Stored records
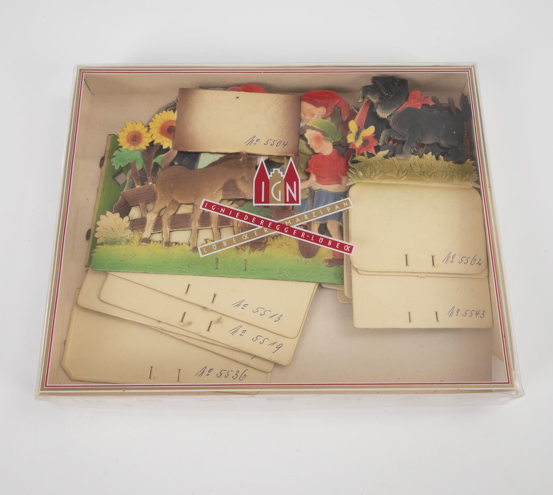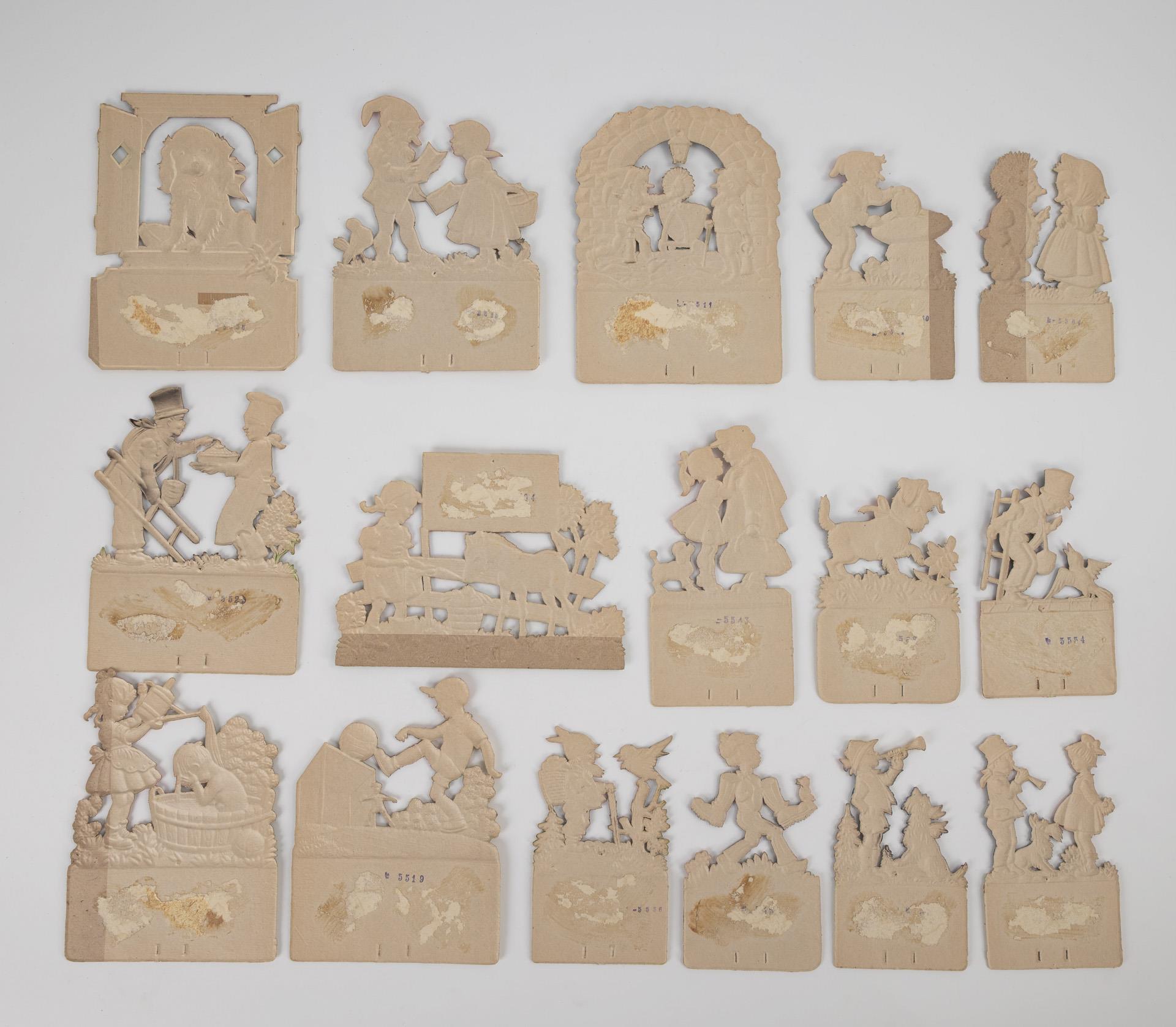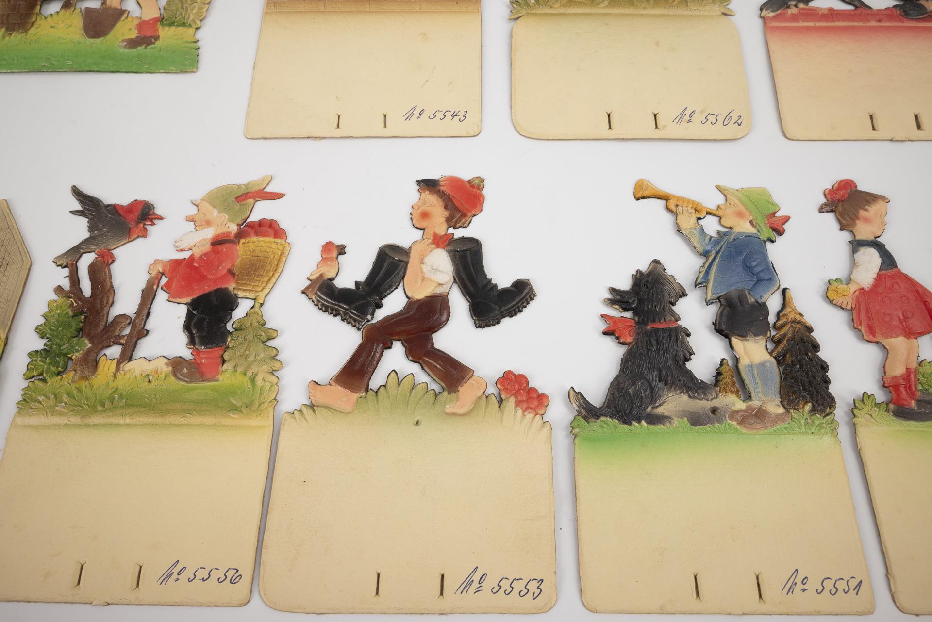 Ca. 16 reliefierte Papp-Aufsteller bzw. Kalenderhalter mit verschiedenen Kinder- und Zwergenmotiven. Mit Kugelschreiber-Ziffern wohl nachträglich beschriftet.
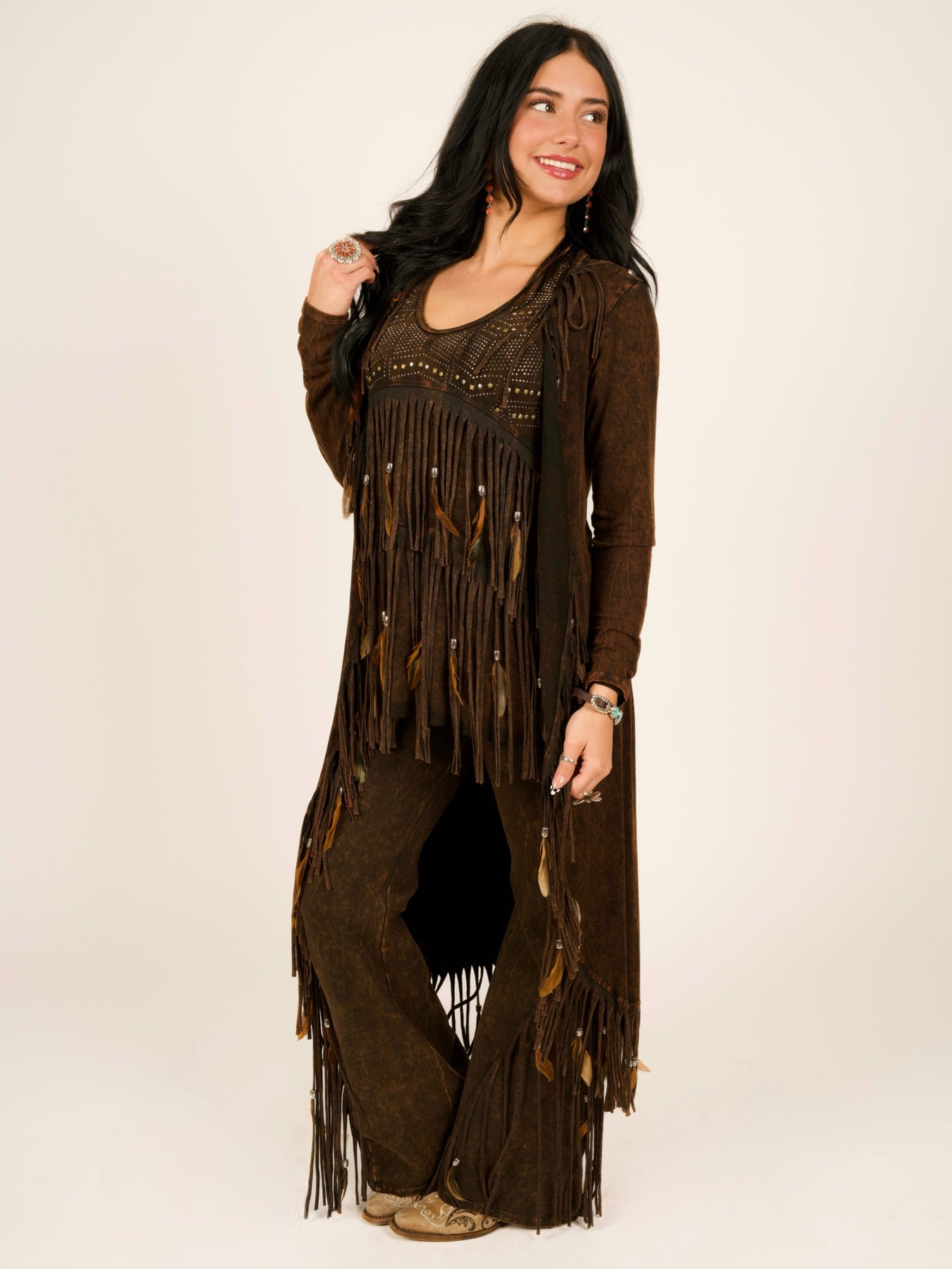 Experience elevated western fashion with this one-of-a-kind mineral wash fringe and feather duster that commands attention. The unique mineral wash process transforms the fabric into a stunning leather-look finish while maintaining the ultra-soft, stretchy comfort of premium rayon and spandex blend.
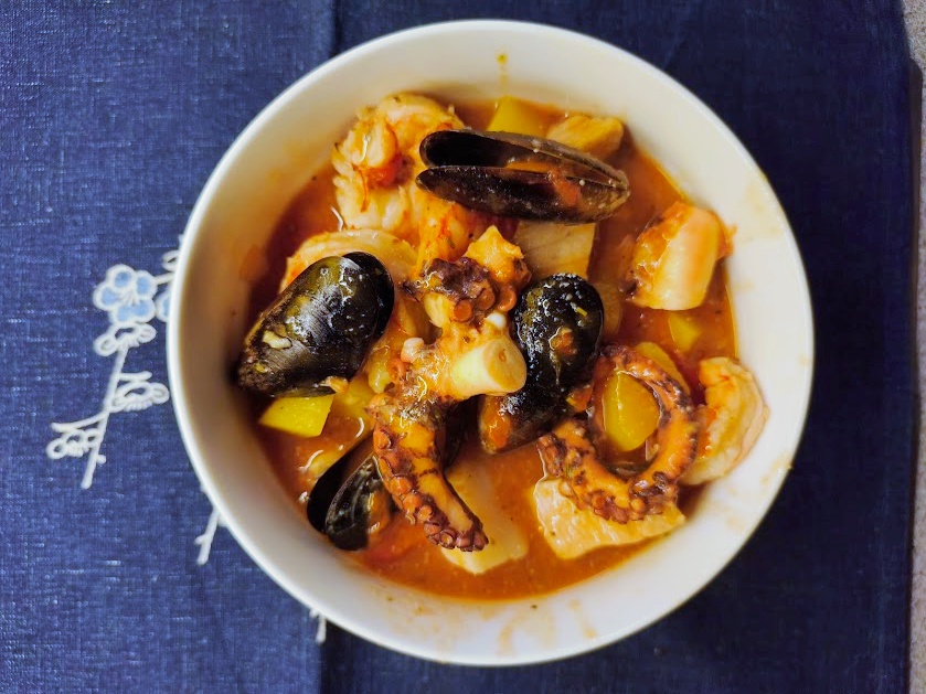 Für mich war dieses Rezept das absolute Highlight im Buch. Kartoffelstücke werden erst in Tomatensauce gegart, die mit Fischbrühe, Sherry und Brandy angereichert wird. Dann müssen Fisch und Meeresfrüchte nur kurz im Sud ziehen, bis sie gar sind.
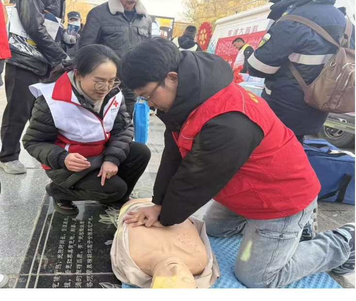 开展应急救护实操培训,采用理论讲解+实操演示+互动纠错的经典模式,由红十字救护师资围绕重点讲解应急救护基础内容,借助模拟人,手把手演示心肺复苏(CPR的按压位置、力度频率,一对一指导群众现场实操,及时纠正动作偏差,确保参与者听得懂、学得会、用得上,有效提升基层群众应对突发情况的自救互救能力。
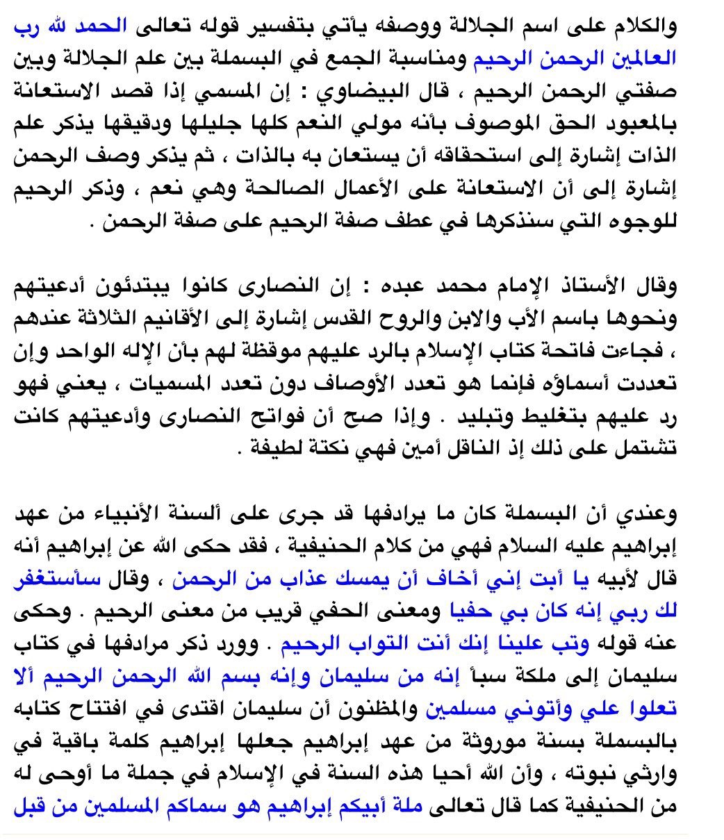 س/ في مناسبة الجمع في البسملة بين علم الجلالة، وصفتيّ (الرحمن الرحيم) نقل ابن عاشور مناسبة لـِ البيضاوي وثانية لمحمد عبده وثالثة له، ماهي هذه المناسبات الثلاث؟
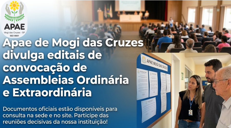 APAE de Mogi das Cruzes divulga editais de convocação de Assembleias Ordinária e Extraordinária
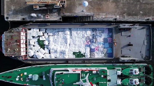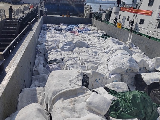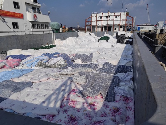 經(jīng)查,該嫌疑船為鐵質(zhì)運(yùn)輸船,駕駛臺(tái)后方為貨艙,貨艙內(nèi)裝有白色和黑色塑料編織袋,袋內(nèi)有來源不明的牛肉、牛腩、牛肚、牛筋、驢雜等凍品約485噸,案值約4000萬元,隨船人員均未能提供船上所裝載貨物的相關(guān)合法來源證明,執(zhí)法員依法對(duì)該船舶和凍品進(jìn)行扣押。
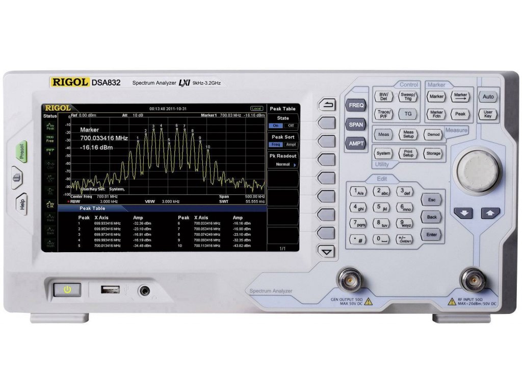 Spektrální analyzátor DSA832-TG je vhodný jak pro volnočasové aktivity, tak pro profesionální použití. Díky rozmanitosti softwarových nástrojů a možných doplňků je ideální pro EMI (EMC) testování tzv. „Pre-Compliance“ v rámci přípravy na přijetí specifikací EMV.Specifikace:
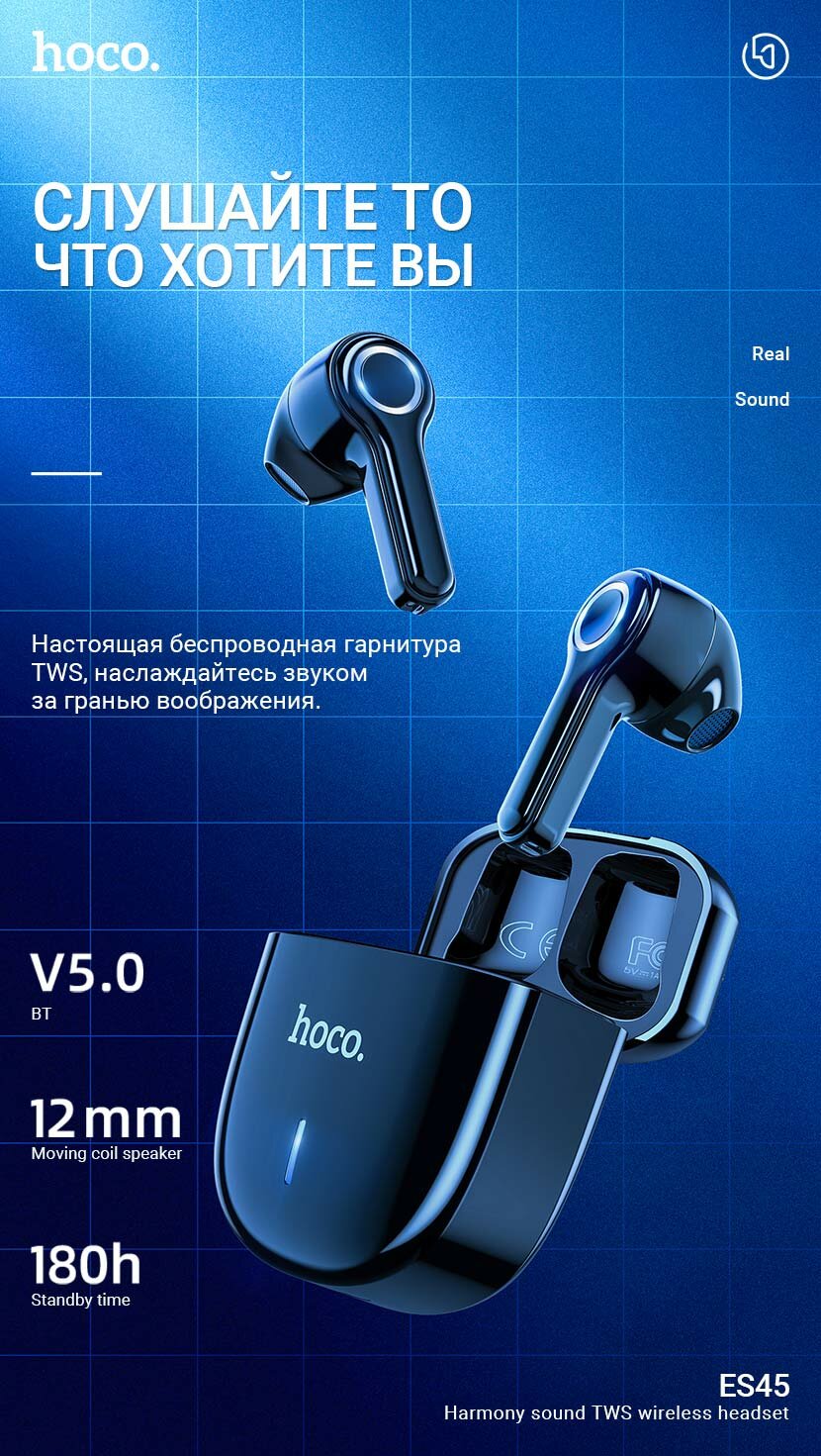 HOCO ES45 Harmony sound TWS (чёрные, Bluetooth 5.0, 2x30(320)mAh, до 3.5ч работы, USB Type-C)
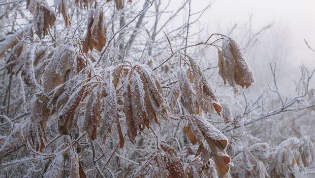 Hoarfrost-coated brown leaves draping misty winter thicket at dawn
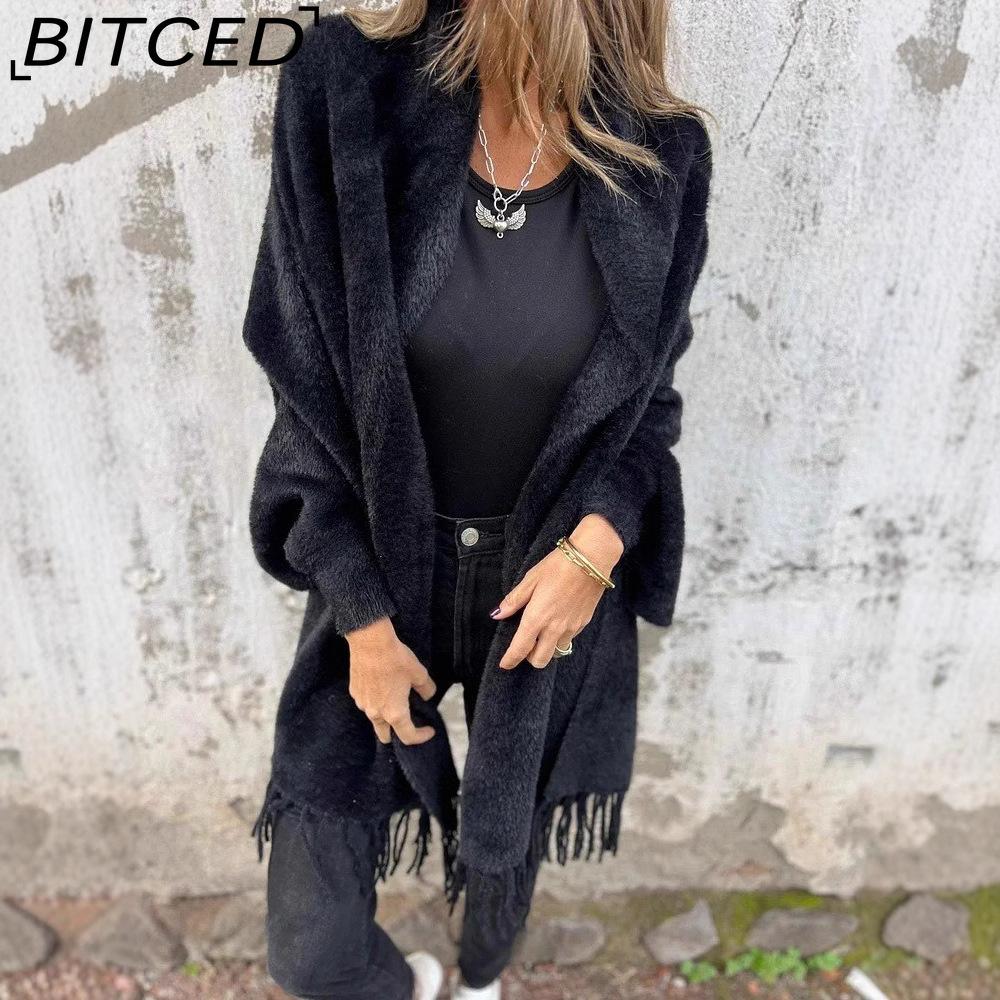 BITCED Autumn and Winter Women's Imitation Mink Velvet Cape Tassel Shawl Solid Colour Thickened Warm Bat

WORK TO COMPLETE:
Word for word, retype the lines from the one that contains "Experience elevated western" through the final line of the data, both ends included, excluding pictures.

ANSWER SECTION:
 Experience elevated western fashion with this one-of-a-kind mineral wash fringe and feather duster that commands attention. The unique mineral wash process transforms the fabric into a stunning leather-look finish while maintaining the ultra-soft, stretchy comfort of premium rayon and spandex blend.
 Für mich war dieses Rezept das absolute Highlight im Buch. Kartoffelstücke werden erst in Tomatensauce gegart, die mit Fischbrühe, Sherry und Brandy angereichert wird. Dann müssen Fisch und Meeresfrüchte nur kurz im Sud ziehen, bis sie gar sind.
 开展应急救护实操培训,采用理论讲解+实操演示+互动纠错的经典模式,由红十字救护师资围绕重点讲解应急救护基础内容,借助模拟人,手把手演示心肺复苏(CPR的按压位置、力度频率,一对一指导群众现场实操,及时纠正动作偏差,确保参与者听得懂、学得会、用得上,有效提升基层群众应对突发情况的自救互救能力。
 س/ في مناسبة الجمع في البسملة بين علم الجلالة، وصفتيّ (الرحمن الرحيم) نقل ابن عاشور مناسبة لـِ البيضاوي وثانية لمحمد عبده وثالثة له، ماهي هذه المناسبات الثلاث؟
 APAE de Mogi das Cruzes divulga editais de convocação de Assembleias Ordinária e Extraordinária
 經(jīng)查,該嫌疑船為鐵質(zhì)運(yùn)輸船,駕駛臺(tái)后方為貨艙,貨艙內(nèi)裝有白色和黑色塑料編織袋,袋內(nèi)有來源不明的牛肉、牛腩、牛肚、牛筋、驢雜等凍品約485噸,案值約4000萬元,隨船人員均未能提供船上所裝載貨物的相關(guān)合法來源證明,執(zhí)法員依法對(duì)該船舶和凍品進(jìn)行扣押。
 Spektrální analyzátor DSA832-TG je vhodný jak pro volnočasové aktivity, tak pro profesionální použití. Díky rozmanitosti softwarových nástrojů a možných doplňků je ideální pro EMI (EMC) testování tzv. „Pre-Compliance“ v rámci přípravy na přijetí specifikací EMV.Specifikace:
 HOCO ES45 Harmony sound TWS (чёрные, Bluetooth 5.0, 2x30(320)mAh, до 3.5ч работы, USB Type-C)
 Hoarfrost-coated brown leaves draping misty winter thicket at dawn
 BITCED Autumn and Winter Women's Imitation Mink Velvet Cape Tassel Shawl Solid Colour Thickened Warm Bat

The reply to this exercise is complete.